County nixes Goslin’s water district ethics ordinance
Quick facts
WHAT: Northfield Woods Sanitary District
WHEN FORMED: 1956
SERVICES: 1,800 homes, 400 acres of commercial property
RUN BY: Three trustees appointed by the former Cook County Board President Todd Stroger
HEADQUARTERS: 3633 W. Lake Ave., Suite 403B, Glenview
Updated: September 3, 2012 6:09AM
An ethics ordinance aimed at reigning in the unchecked operations of small governmental offices in Cook County was pulled off the legislative table.
Commissioner Gregg Goslin, R-14th, said the recent actions of a Glenview sanitary water district was why he submitted an amended ethics ordinance to the Cook County Board on May 14.
On April 27, Inspector General Patrick M. Blanchard issued a report to county commissioners, detailing the allegations and calling for dissolving the Northfield Woods Sanitary District in Glenview for its fiscal mismanagement from 2008 to 2011.
Blanchard said district’s trustees overpaid themselves $210,000 during the three years.
He said Wednesday the Cook County state’s attorney’s office advised him against pushing for the ordinance.

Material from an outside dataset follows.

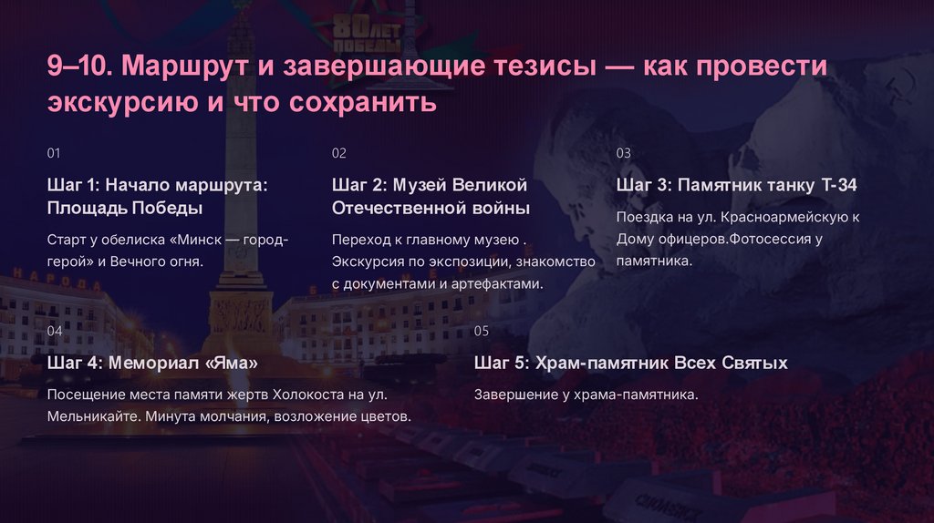 9–10. Маршрут и завершающие тезисы — как провестиэкскурсию и что сохранить
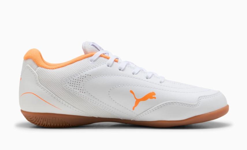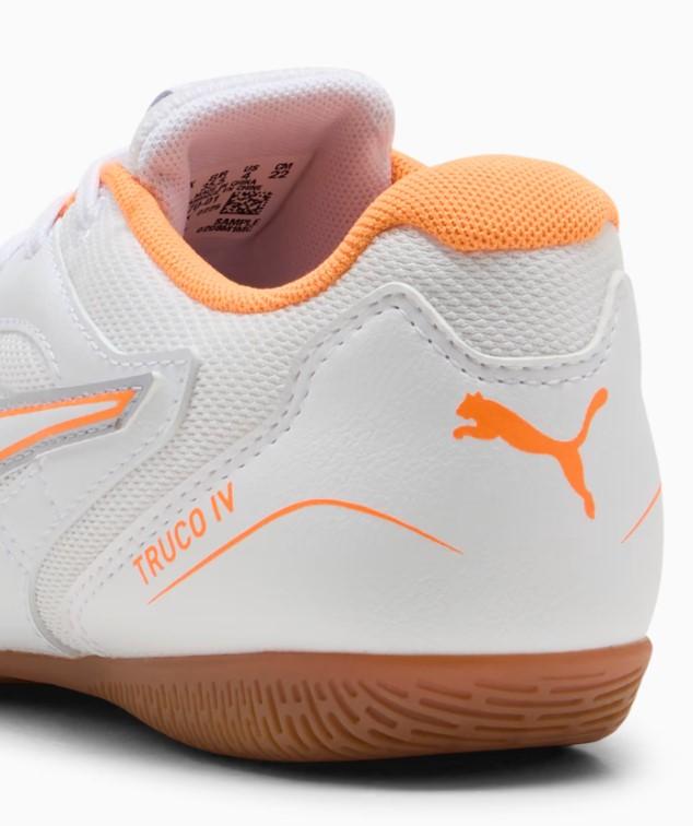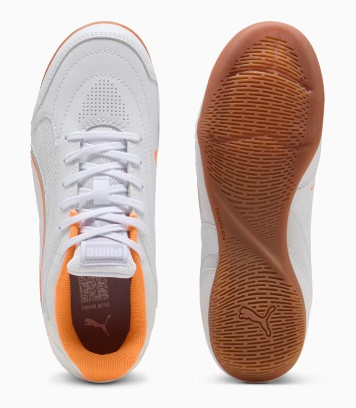Botas de fútbol sala de Puma para niños Truco IV en color blanco y naranja.

“They said we don’t have the authority to impose an ethics ordinance onto individual districts. Anyone could challenge it in court,” Goslin said, adding he and Blanchard would pursue ethics rules by working with state legislatures in Springfield.
“These small individual districts are not accountable to anyone. A good example of this is the Northfield Woods Sanitary District,” he said.
Still in office, the trustees were President Frank Ness and Alan Beutelspacher and Joseph Fagan. Mike Downing was the district ’s attorney, while Mike Lockett was the accountant.
The proposed amendment would have put county board appointees, such as water district trustees, under rules of the Cook County Ethics Ordinance, the same that apply to county commissioners.
Goslin said the amendments’ true effectiveness was that all county appointees must state how much money they have earned in public office, in addition to private incomes.
Cook County Board President Toni Preckwinkle appeared Wednesday in Glenview with Goslin to present county road construction projects near Harms Woods.
Although county commissioners appoint people to water districts and mosquito abatement and public transportation boards, Preckwinkle also said they needed more oversight.
“We should hold them to high standards. These little fiefdoms are paid well and have government pensions. They’re an embarrassment to Cook County government,” she said.
“We’re putting these issue on our legislative agenda this year.”
The Northfield Woods Sanitary District was formed in 1956 to provide sanitary sewer service to then-unincorporated north Cook County.
The district contains 1,800 homes and 400 acres of commercial property, mostly in incorporated Glenview, bounded by I-294 and Willow Road on the north, Milwaukee Avenue on the west, Timber Trails and Forest Drive subdivisions on the south and Landwehr Road on the east.
The sanitary district is headquartered at 3633 W. Lake Ave., Suite 403B, Glenview.
The spokeswoman for the Metropolitan Water Reclamation District of Greater Chicago, Allison Fore, said the Northfield Woods District publicly owns and maintains a sanitary sewer system that discharges to the MWRD’s interceptor system in Des Plaines.
Former Cook County Board President Todd Stroger appointed Ness, Beutelspacher and Fagan.